Fully staffed CPD targets narcotics

The Corsicana Police Department’s message is clear.

If you are selling or buying drugs in town they are coming for you.

“It may not be today, it may not be tomorrow,” said Robert Johnson Chief of Police, “But with every drug arrest we are gaining additional intelligence on the people who are manufacturing or delivering controlled substances. We have zero tolerance for meth, heroin, cocaine. Period.”

Corsicana police have been amping up narcotics enforcement with the addition of Dakota, the department’s new drug dog, increased traffic patrol and a re-formed SWAT tactical unit.

Johnson said the department has been understaffed by as many as 12 to 15 officers for the past four or five years.

Now fully staffed, they have no excuses.

“When you are that short-staffed you are running calls with no time to specialize,” he said. “This year we have been able to designate patrol officers on interdiction.”

Johnson said the department’s new proactive approach has resulted in over 120 narcotics charges in the first 73 days of the year.

“When it comes to property crimes such as robberies and burglaries of businesses and homes, It’s almost always tied to narcotics.”

He said drug users aren’t spending their own hard-earned cash on narcotics and when you tackle the root of the problem it prevents other crimes.

The Corsicana Police Department’s zero-tolerance drug policy means dealers face high stakes.

Police can seize a suspect’s vehicle if its is used to transport or deliver drugs and the charge leads to a conviction. In addition, court costs, lawyers and probation can get expensive.

“One arrest can cost a person as much as $20,000 Johnson said.” We want to make it so, if found guilty, they will never want to commit a crime again. Our local courts are very fond of sending drug dealers to prison. We want to make it cost too much to do business here, drug dealers and users will have to stop or move on.”

Johnson attributes the recent success to his strategic plan. The first step was filling the ranks with quality people.

“I have been trying to build a department that is sustainable,” he said. “And create a culture of professionalism which treats people with respect and dignity. I want my officers to be approachable. We want the public to see our officers are human and we are not afraid to let them see us smile.”

Johnson said not every traffic stop results with a citation, and it’s up to each officer’s discretion whether or not to write a ticket, depending on the severity of the crime.

However, during these stops they use their senses to determine if there is probable cause to search for narcotics.

In addition to new recruits, Johnson relies heavily on his seasoned veterans and command staff.

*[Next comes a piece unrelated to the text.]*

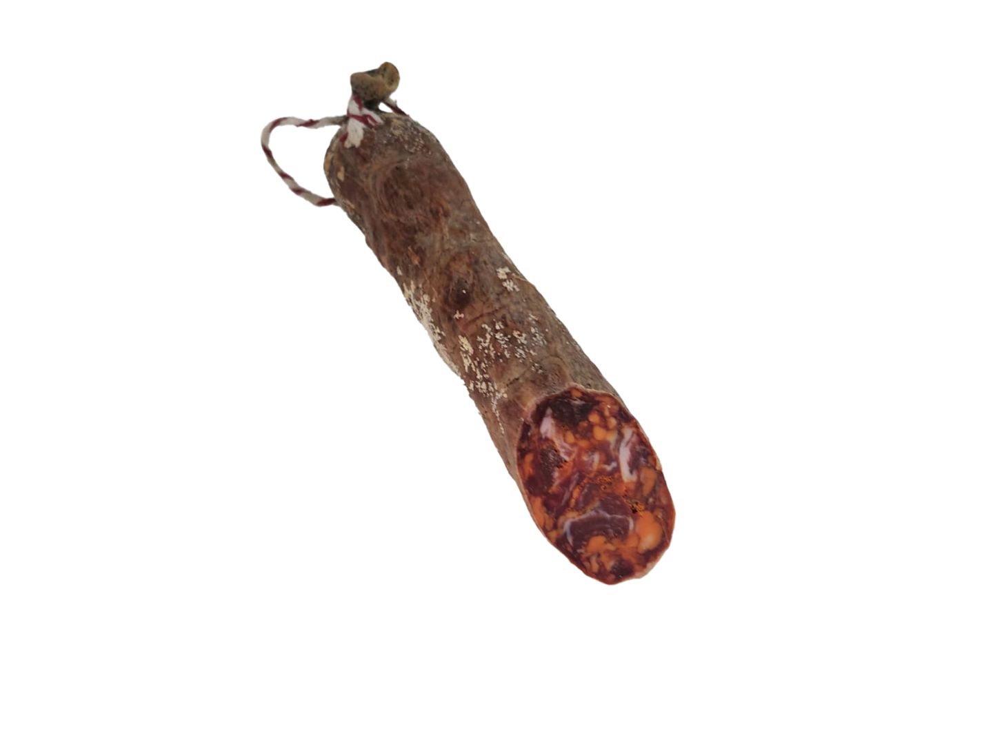 將豬肉絞碎添加鹽、大蒜、紅椒粉等調味料灌入腸衣,經長時間發酵、風乾和窖藏,口感扎實、有嚼勁,讓人越嚼越有滋味,蘊藏肥美豐盈的油脂,帶有紅椒的鮮紅色澤和特殊濃郁香氣。

“I look at the police department as a business, I’m the CEO, Assistant Chief Ronnie MaGaha and Capt. Norri Rhodes are my VPs,” he said. “Our job is to sell safety and security, that is our product, our customers are every single person we come into contact with, we look at public contact as a customer service opportunity.”

Rhodes, who has worked in almost every department, agrees a big part of department’s recent success is getting more officers on patrol.

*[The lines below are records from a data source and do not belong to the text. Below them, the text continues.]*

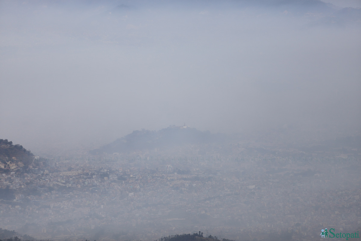 काठमाडौंमा बढ्दो सहरीकरण, पेट्रोल–डिजेलबाट चल्ने सवारी साधनले फाल्ने धुँवा, विकास निर्माणको क्रममा उड्ने धुलो र आगलागीले प्रदूषण बढाएको छ।
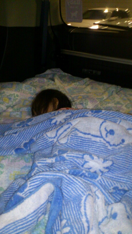 なんとか 空港まで 寝ずに 頑張ってもらって 到着。 張り切って スーツケースを押したり 飛行機を見てみたり
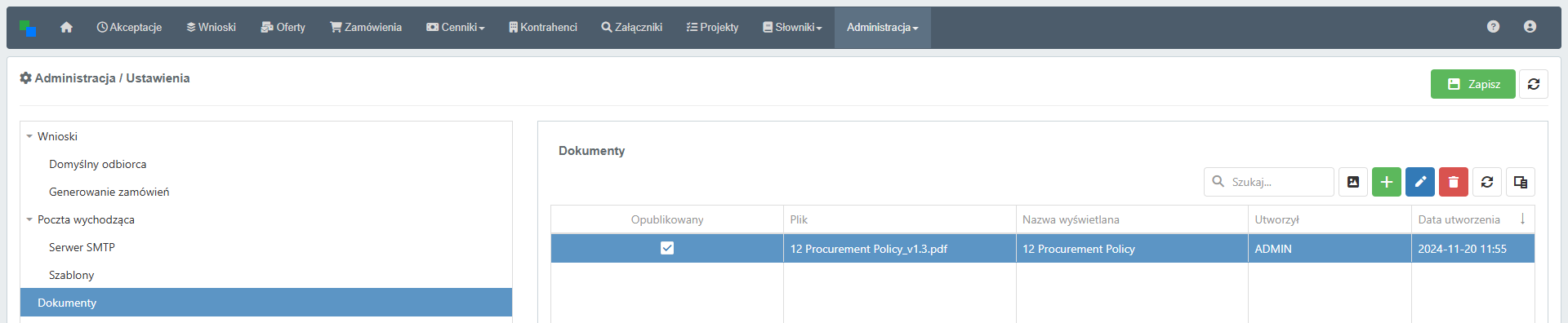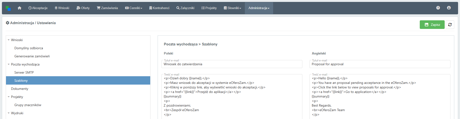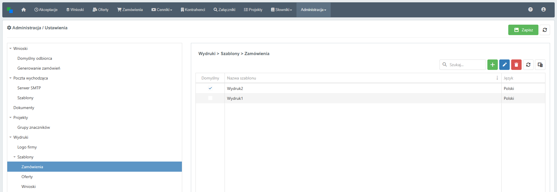 Szablony Zamówień / Ofert / Wniosków

“The new officers are passionate and motivated,” she said. “Morale is so much better now. The officers are not afraid to work and do their jobs for fear of making a mistake.”

McGaha, who has been with the department for 37 years said it’s been a long time since they were fully staffed.

“We have a positive outlook in all our departments now,” McGaha said. “We are adding new positions and creating opportunities for our officers. That variety helps alleviate burnout.”

Other new plans in the works include community relations programs such as neighborhood crime watches, a citizens police academy for teens and liaisons with schools, businesses and ministerial alliances.

“We have received so much support from the community,” Johnson said. “We are grateful for the residents who come in and bring treats and food, the kids making cards. We have a huge support base here in this town. When the officers see the overall support it pumps them up to do their job. We appreciate the citizens greatly.”